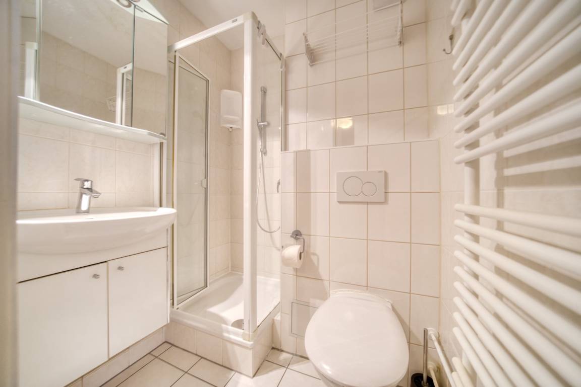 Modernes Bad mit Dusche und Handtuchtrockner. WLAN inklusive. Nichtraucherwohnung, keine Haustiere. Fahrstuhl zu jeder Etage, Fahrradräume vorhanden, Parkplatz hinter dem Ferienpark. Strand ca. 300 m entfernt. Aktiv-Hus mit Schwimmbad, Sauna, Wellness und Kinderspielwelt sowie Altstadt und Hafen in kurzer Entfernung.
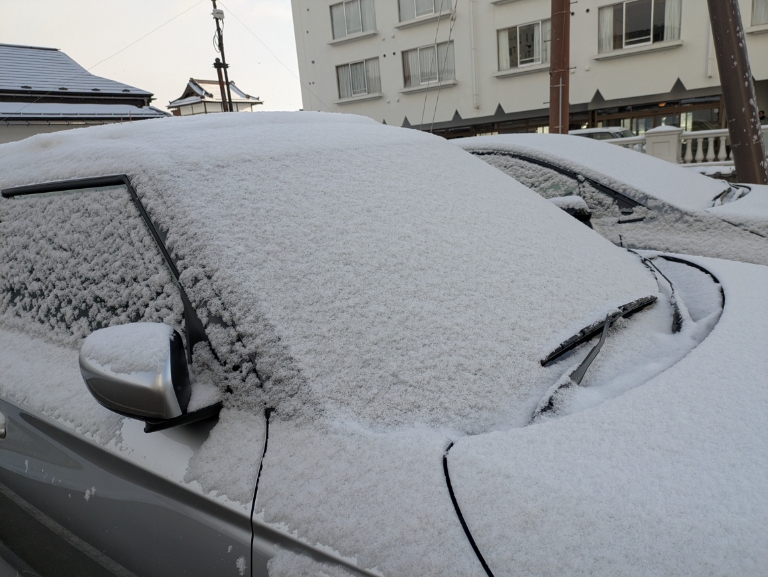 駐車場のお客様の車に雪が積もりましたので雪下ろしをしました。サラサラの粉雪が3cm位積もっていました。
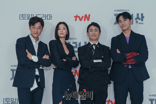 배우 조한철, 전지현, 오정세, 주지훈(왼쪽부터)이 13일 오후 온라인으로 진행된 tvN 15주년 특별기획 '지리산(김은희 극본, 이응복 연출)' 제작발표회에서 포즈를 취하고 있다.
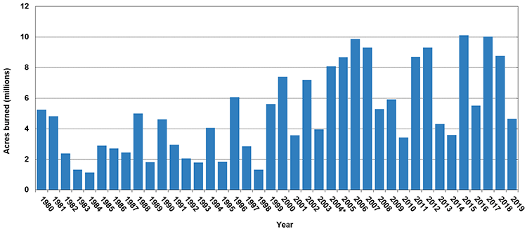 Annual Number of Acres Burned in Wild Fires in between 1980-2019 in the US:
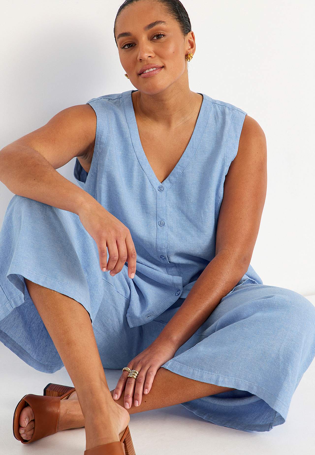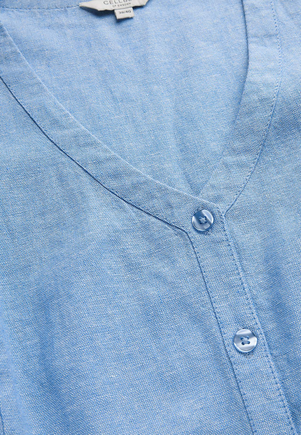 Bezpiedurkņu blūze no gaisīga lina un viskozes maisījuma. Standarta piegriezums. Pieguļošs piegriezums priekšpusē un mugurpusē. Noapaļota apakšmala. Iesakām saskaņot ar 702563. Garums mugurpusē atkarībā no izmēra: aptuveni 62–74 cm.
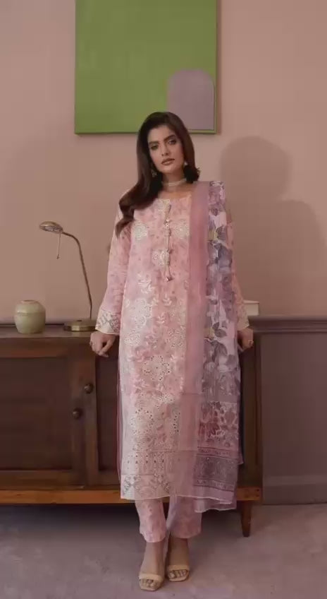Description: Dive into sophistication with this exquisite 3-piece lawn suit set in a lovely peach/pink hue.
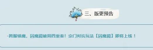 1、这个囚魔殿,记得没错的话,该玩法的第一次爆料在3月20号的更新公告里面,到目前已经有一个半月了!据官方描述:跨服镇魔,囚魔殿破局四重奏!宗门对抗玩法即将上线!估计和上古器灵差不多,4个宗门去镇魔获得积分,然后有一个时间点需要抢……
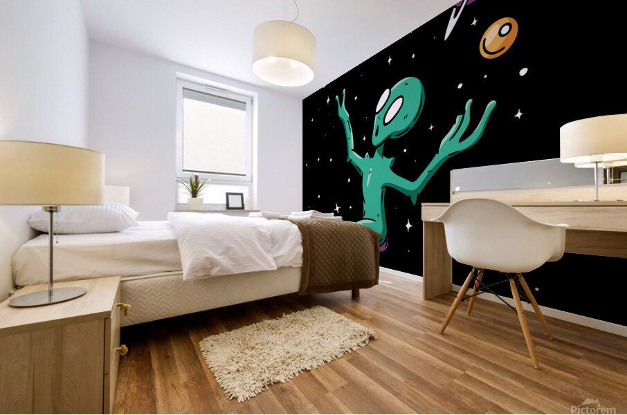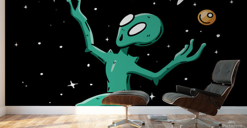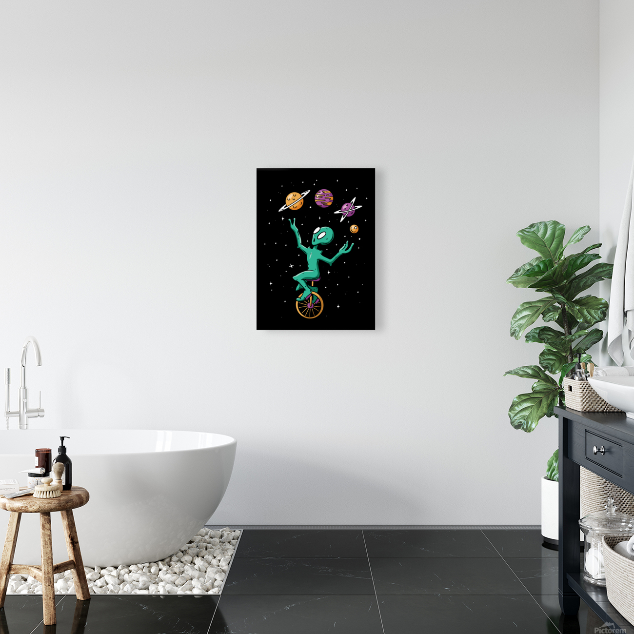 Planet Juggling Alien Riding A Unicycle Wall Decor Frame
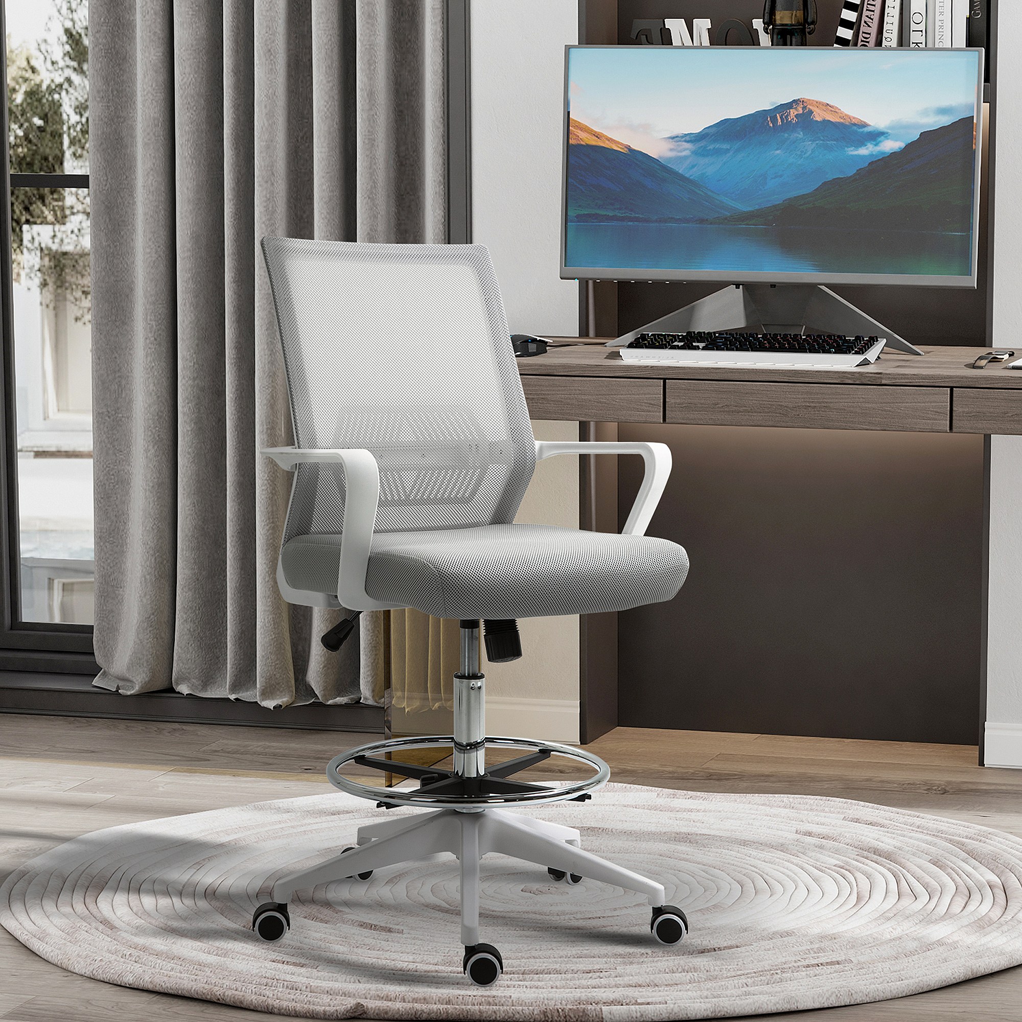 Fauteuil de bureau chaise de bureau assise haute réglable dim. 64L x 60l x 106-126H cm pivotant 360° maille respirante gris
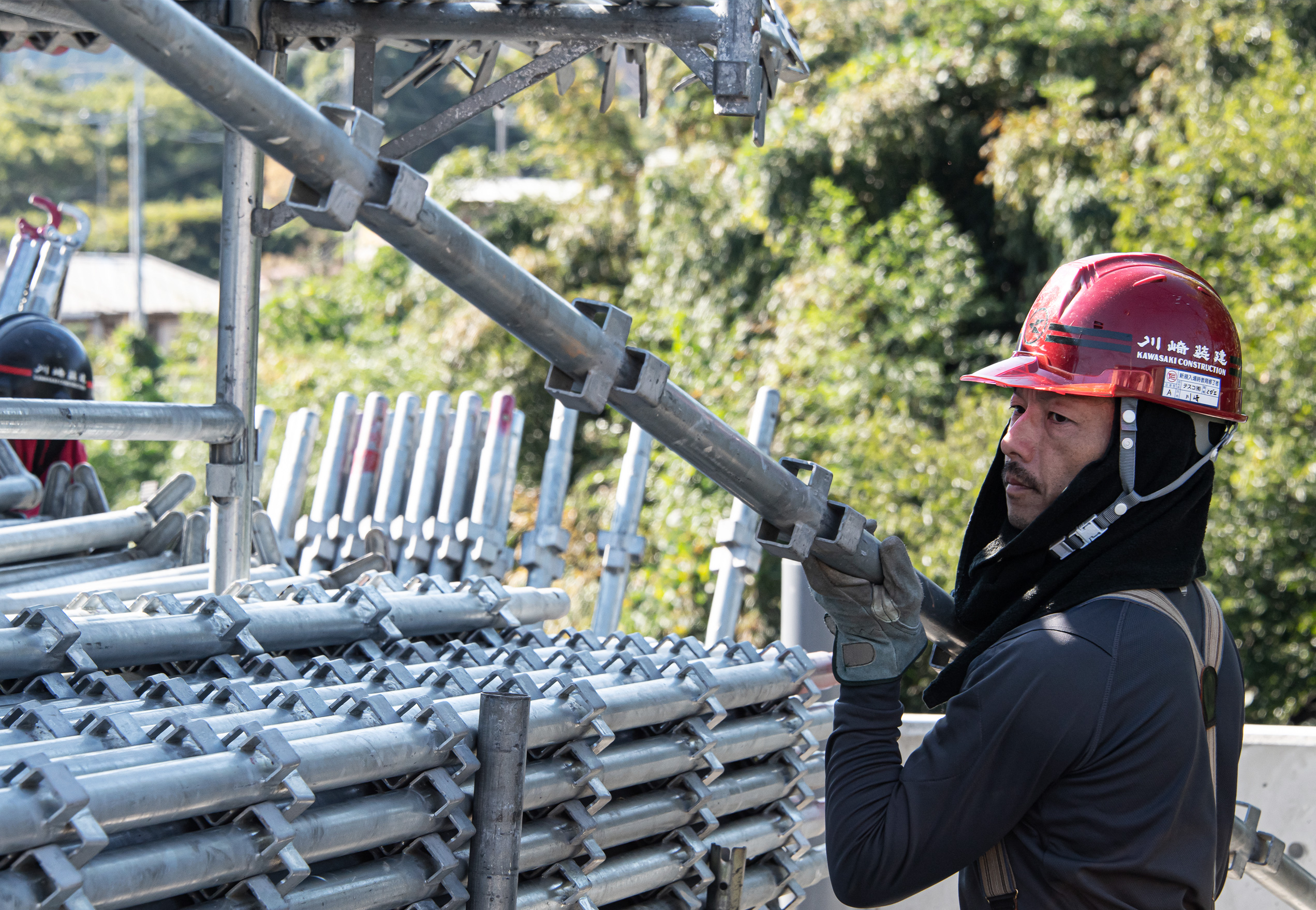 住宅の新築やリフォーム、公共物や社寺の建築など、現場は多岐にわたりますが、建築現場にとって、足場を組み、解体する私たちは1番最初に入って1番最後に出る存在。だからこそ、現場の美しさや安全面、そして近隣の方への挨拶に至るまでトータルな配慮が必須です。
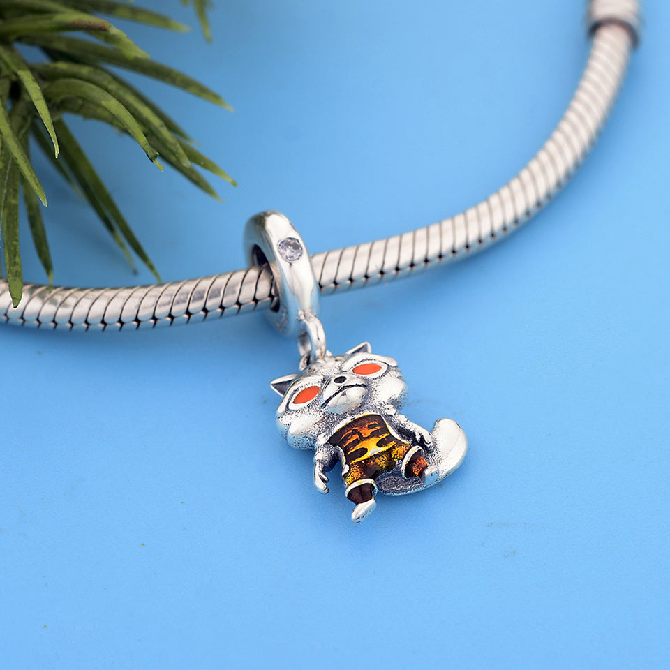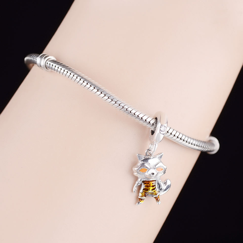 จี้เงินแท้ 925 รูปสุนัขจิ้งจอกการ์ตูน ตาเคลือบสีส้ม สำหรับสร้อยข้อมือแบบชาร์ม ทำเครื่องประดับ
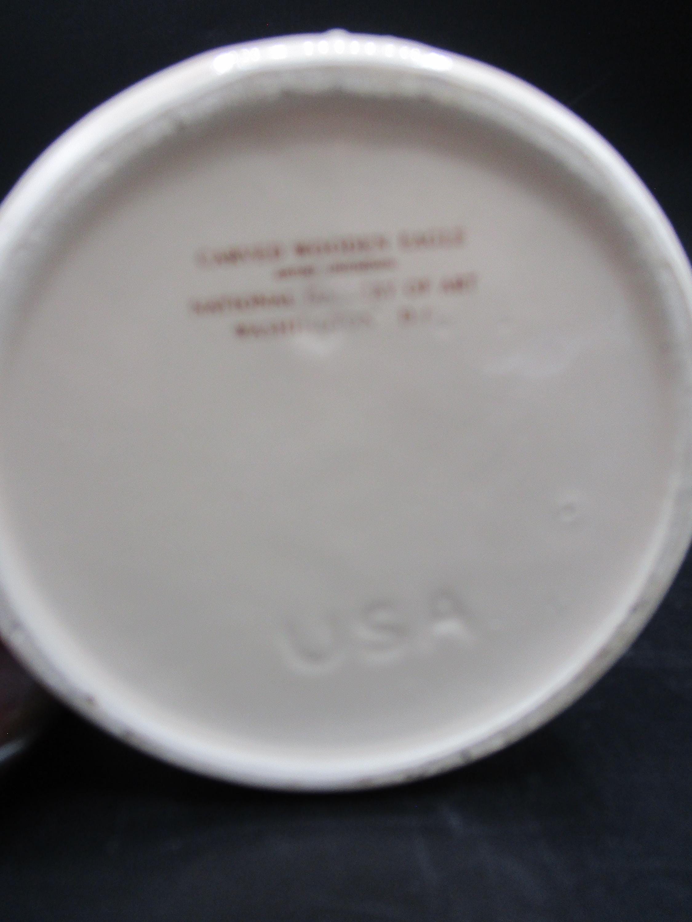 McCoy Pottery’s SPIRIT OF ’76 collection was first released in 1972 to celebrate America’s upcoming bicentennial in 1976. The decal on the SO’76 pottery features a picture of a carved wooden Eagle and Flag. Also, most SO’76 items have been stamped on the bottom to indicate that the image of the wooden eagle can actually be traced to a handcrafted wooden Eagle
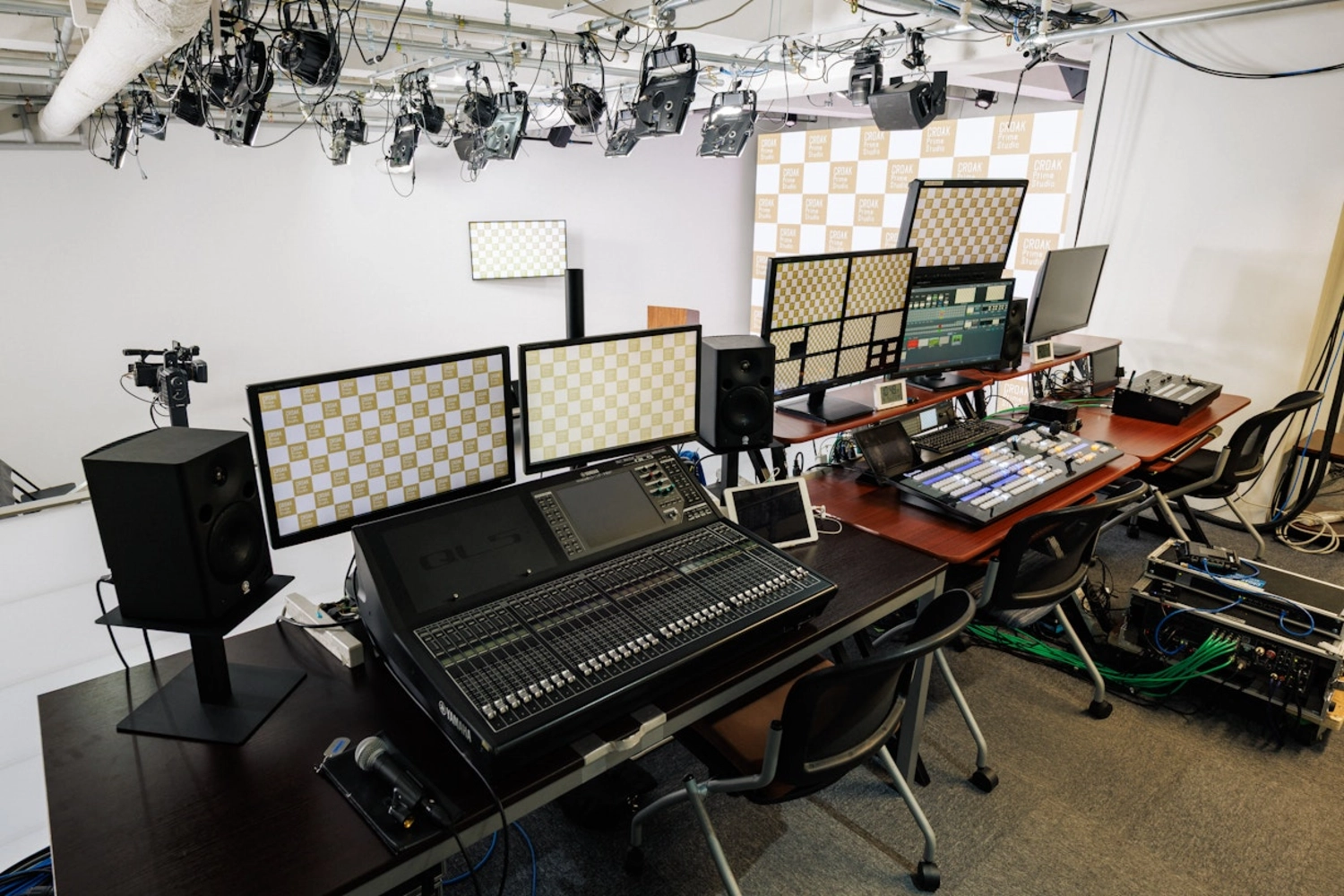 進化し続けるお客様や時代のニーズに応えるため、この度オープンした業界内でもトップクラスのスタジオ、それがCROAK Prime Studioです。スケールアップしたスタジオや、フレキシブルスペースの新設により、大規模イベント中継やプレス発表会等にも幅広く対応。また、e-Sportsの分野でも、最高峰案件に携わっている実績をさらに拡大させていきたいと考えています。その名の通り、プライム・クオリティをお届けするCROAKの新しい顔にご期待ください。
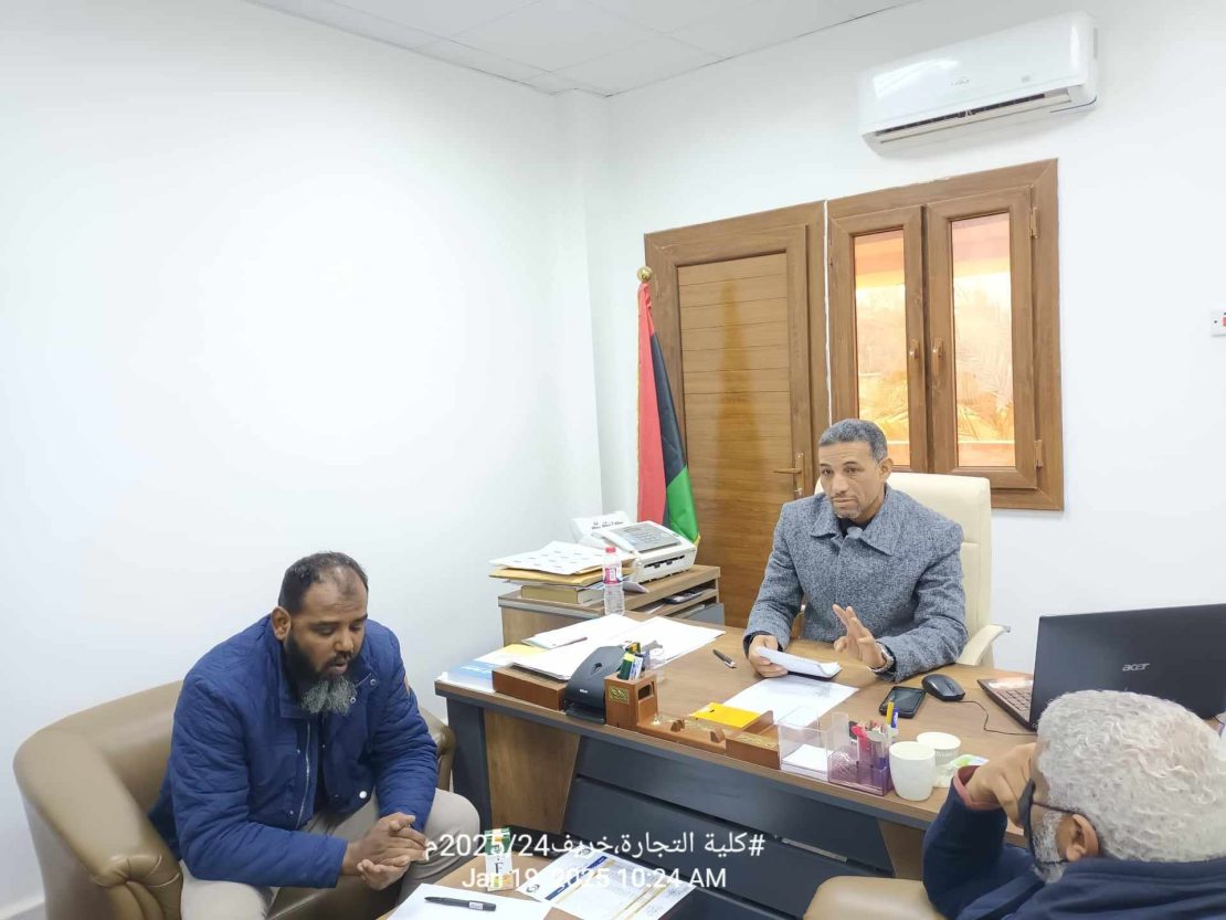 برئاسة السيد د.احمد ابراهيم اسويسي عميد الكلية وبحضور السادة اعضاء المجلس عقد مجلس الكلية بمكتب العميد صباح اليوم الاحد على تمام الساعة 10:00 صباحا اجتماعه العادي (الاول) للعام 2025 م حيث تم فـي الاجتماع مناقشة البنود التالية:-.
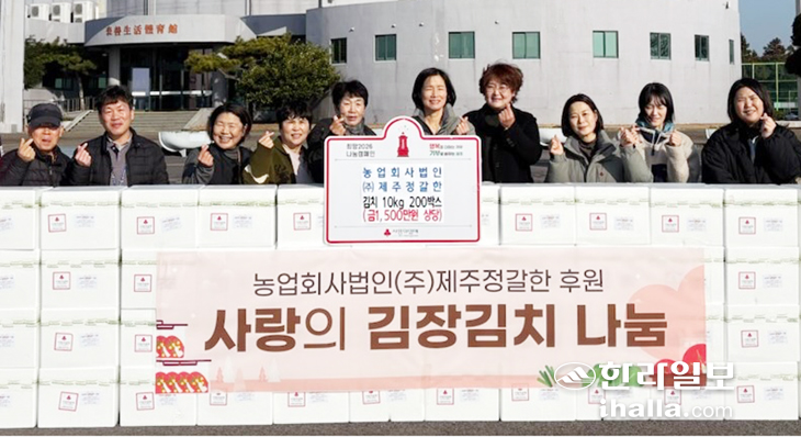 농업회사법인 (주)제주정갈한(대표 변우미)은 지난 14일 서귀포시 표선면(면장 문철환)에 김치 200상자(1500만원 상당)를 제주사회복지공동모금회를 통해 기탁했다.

====

Copy all of the entries verbatim, leaving out any pictures they contain.

 Modernes Bad mit Dusche und Handtuchtrockner. WLAN inklusive. Nichtraucherwohnung, keine Haustiere. Fahrstuhl zu jeder Etage, Fahrradräume vorhanden, Parkplatz hinter dem Ferienpark. Strand ca. 300 m entfernt. Aktiv-Hus mit Schwimmbad, Sauna, Wellness und Kinderspielwelt sowie Altstadt und Hafen in kurzer Entfernung.
 駐車場のお客様の車に雪が積もりましたので雪下ろしをしました。サラサラの粉雪が3cm位積もっていました。
 배우 조한철, 전지현, 오정세, 주지훈(왼쪽부터)이 13일 오후 온라인으로 진행된 tvN 15주년 특별기획 '지리산(김은희 극본, 이응복 연출)' 제작발표회에서 포즈를 취하고 있다.
 Annual Number of Acres Burned in Wild Fires in between 1980-2019 in the US:
 Bezpiedurkņu blūze no gaisīga lina un viskozes maisījuma. Standarta piegriezums. Pieguļošs piegriezums priekšpusē un mugurpusē. Noapaļota apakšmala. Iesakām saskaņot ar 702563. Garums mugurpusē atkarībā no izmēra: aptuveni 62–74 cm.
Description: Dive into sophistication with this exquisite 3-piece lawn suit set in a lovely peach/pink hue.
 1、这个囚魔殿,记得没错的话,该玩法的第一次爆料在3月20号的更新公告里面,到目前已经有一个半月了!据官方描述:跨服镇魔,囚魔殿破局四重奏!宗门对抗玩法即将上线!估计和上古器灵差不多,4个宗门去镇魔获得积分,然后有一个时间点需要抢……
 Planet Juggling Alien Riding A Unicycle Wall Decor Frame
 Fauteuil de bureau chaise de bureau assise haute réglable dim. 64L x 60l x 106-126H cm pivotant 360° maille respirante gris
 住宅の新築やリフォーム、公共物や社寺の建築など、現場は多岐にわたりますが、建築現場にとって、足場を組み、解体する私たちは1番最初に入って1番最後に出る存在。だからこそ、現場の美しさや安全面、そして近隣の方への挨拶に至るまでトータルな配慮が必須です。
 จี้เงินแท้ 925 รูปสุนัขจิ้งจอกการ์ตูน ตาเคลือบสีส้ม สำหรับสร้อยข้อมือแบบชาร์ม ทำเครื่องประดับ
 McCoy Pottery’s SPIRIT OF ’76 collection was first released in 1972 to celebrate America’s upcoming bicentennial in 1976. The decal on the SO’76 pottery features a picture of a carved wooden Eagle and Flag. Also, most SO’76 items have been stamped on the bottom to indicate that the image of the wooden eagle can actually be traced to a handcrafted wooden Eagle
 進化し続けるお客様や時代のニーズに応えるため、この度オープンした業界内でもトップクラスのスタジオ、それがCROAK Prime Studioです。スケールアップしたスタジオや、フレキシブルスペースの新設により、大規模イベント中継やプレス発表会等にも幅広く対応。また、e-Sportsの分野でも、最高峰案件に携わっている実績をさらに拡大させていきたいと考えています。その名の通り、プライム・クオリティをお届けするCROAKの新しい顔にご期待ください。
 برئاسة السيد د.احمد ابراهيم اسويسي عميد الكلية وبحضور السادة اعضاء المجلس عقد مجلس الكلية بمكتب العميد صباح اليوم الاحد على تمام الساعة 10:00 صباحا اجتماعه العادي (الاول) للعام 2025 م حيث تم فـي الاجتماع مناقشة البنود التالية:-.
 농업회사법인 (주)제주정갈한(대표 변우미)은 지난 14일 서귀포시 표선면(면장 문철환)에 김치 200상자(1500만원 상당)를 제주사회복지공동모금회를 통해 기탁했다.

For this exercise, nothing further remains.